Full conference membership would come later, after a period of provisional membership. If they are tying ordination more closely with the sacraments, they are de-coupling it from any sense of permanence. They note that UM pastors are asked to surrender their credentials all the time. If ordination is earlier, it is also readily revocable should full conference membership not be extended. Security of appointment is tied to conference membership, not ordination. If the right to exercise the authority granted at ordination is situational, one wonders how this differs from licensing.
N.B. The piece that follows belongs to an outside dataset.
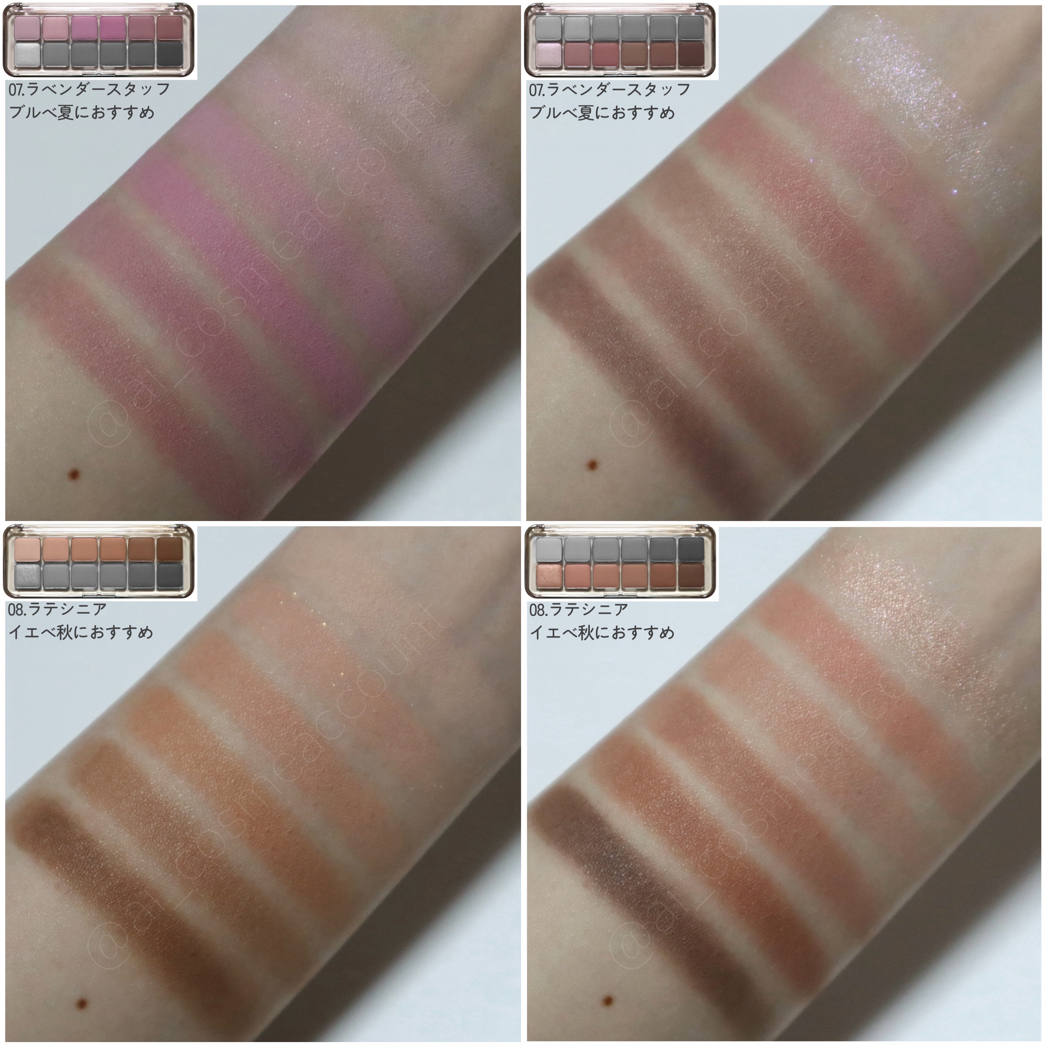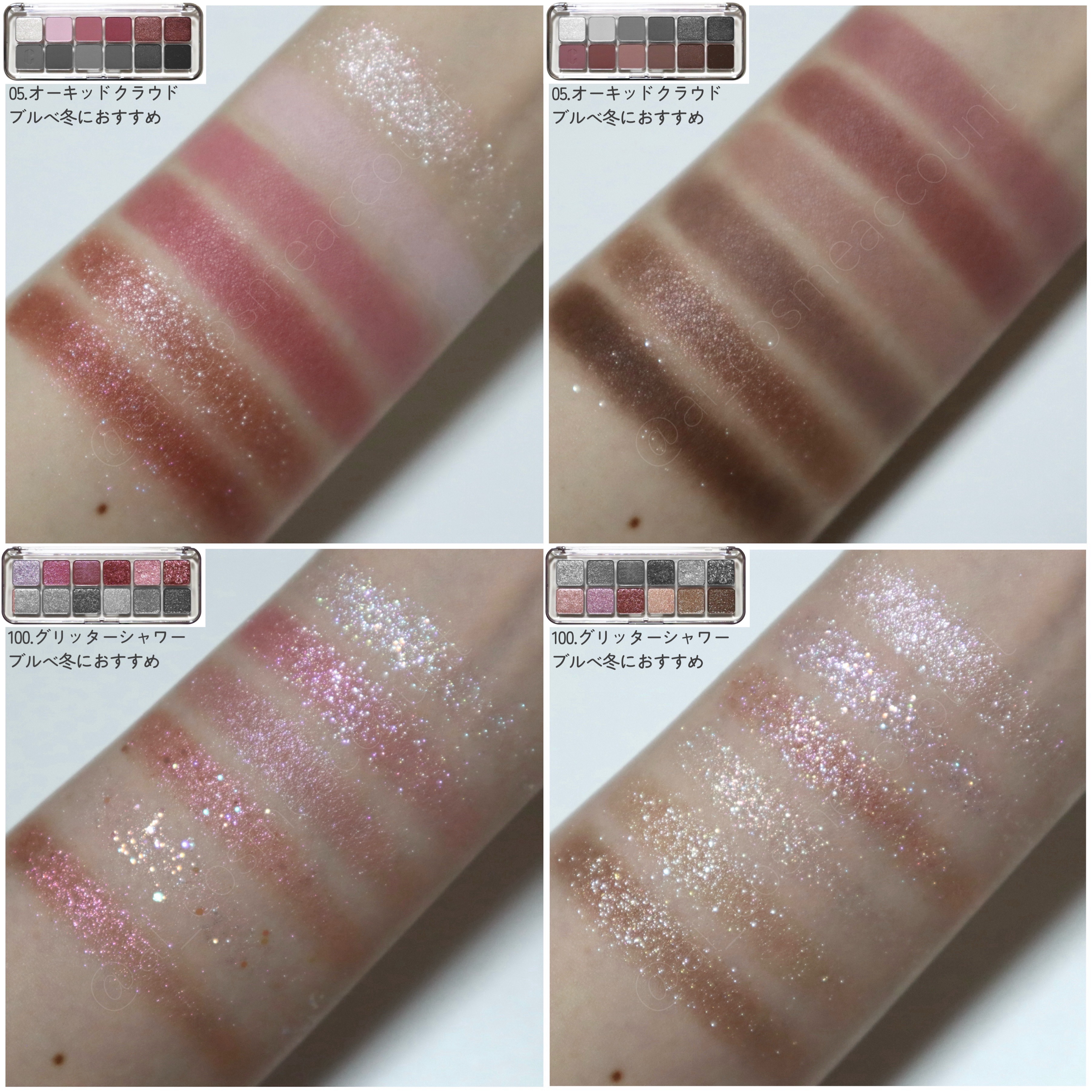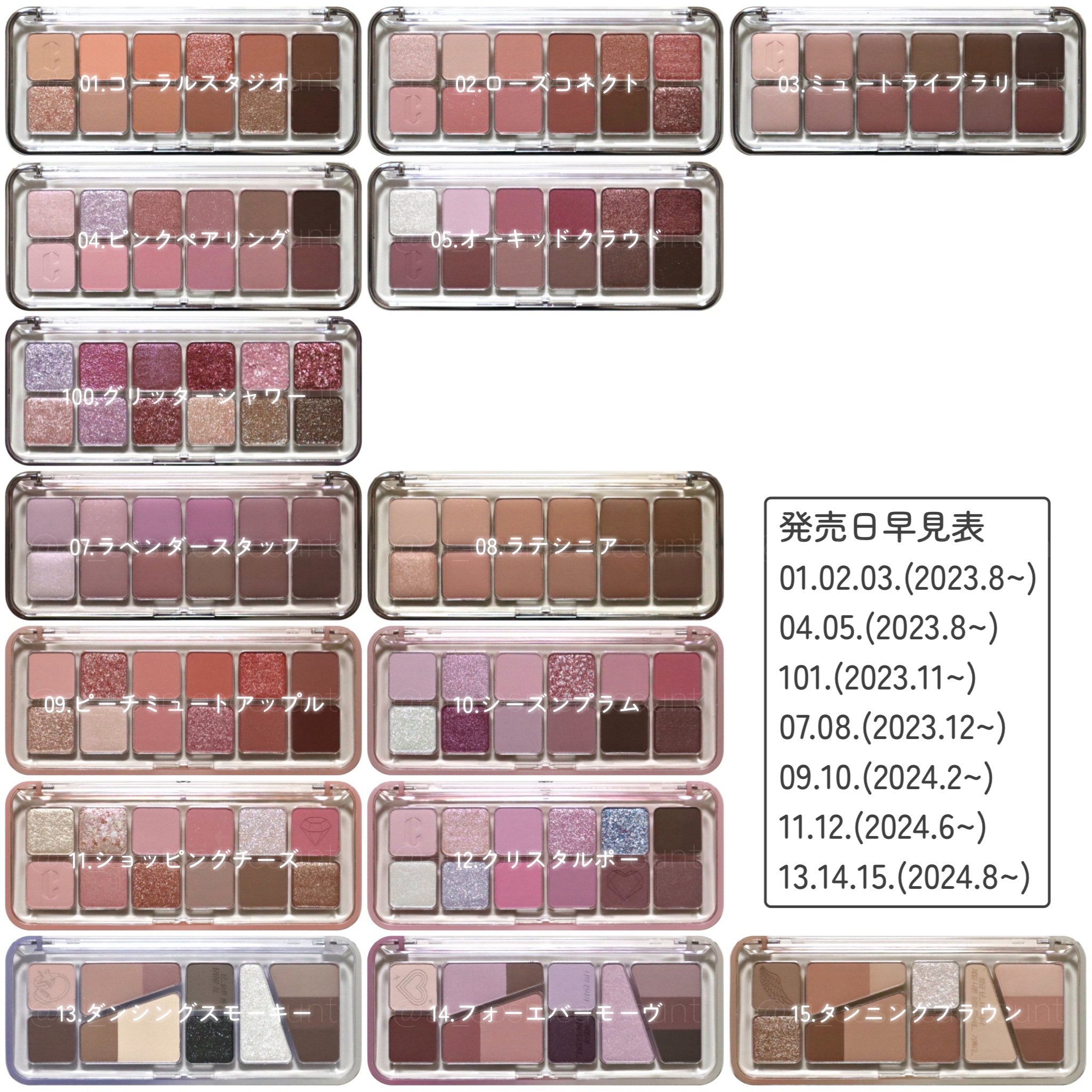[CLIOPROEYEPALETTE全色スウォッチ]CLIOプロアイパレットの1号〜10号と、StreyKidsコラボ限定色の100号・101号の全色スウォッチです。フラッシュ撮影の全色スウォッチはコチラ↓https://lipscosme....

Another major change suggested by the report is to eliminate the minimum age for pursuing licensed ministry. People younger than forty would now have the option of pursing the local pastor track. The commission recommends that Course of Study be transformed. Any references to it being a five-year program are stricken from the Discipline. The report prescribes the creation of a bachelor’s level equivalent to Course of Study (I like this idea). One wonders, given the high cost and sometimes questionable ecclesial value of graduate-level theological education, if the category of Local Pastor will become the normative clergy status in the UMC. While I would welcome this, it might run counter to the commission’s goal of better coupling sacraments to the act of ordination.
There is a strong emphasis in the report on continuing formation. Participation in clergy covenant groups would become required. Every eight years, clergy would undergo an in-depth assessment process that would include peer evaluation and career analysis. They would also like to see a cleaner line between the new category of Lay Servant Ministry and the various forms of ordained/licensed ministry. The report recommends that lay servant ministers report to a Board of Laity rather than the district committees on ordained ministry.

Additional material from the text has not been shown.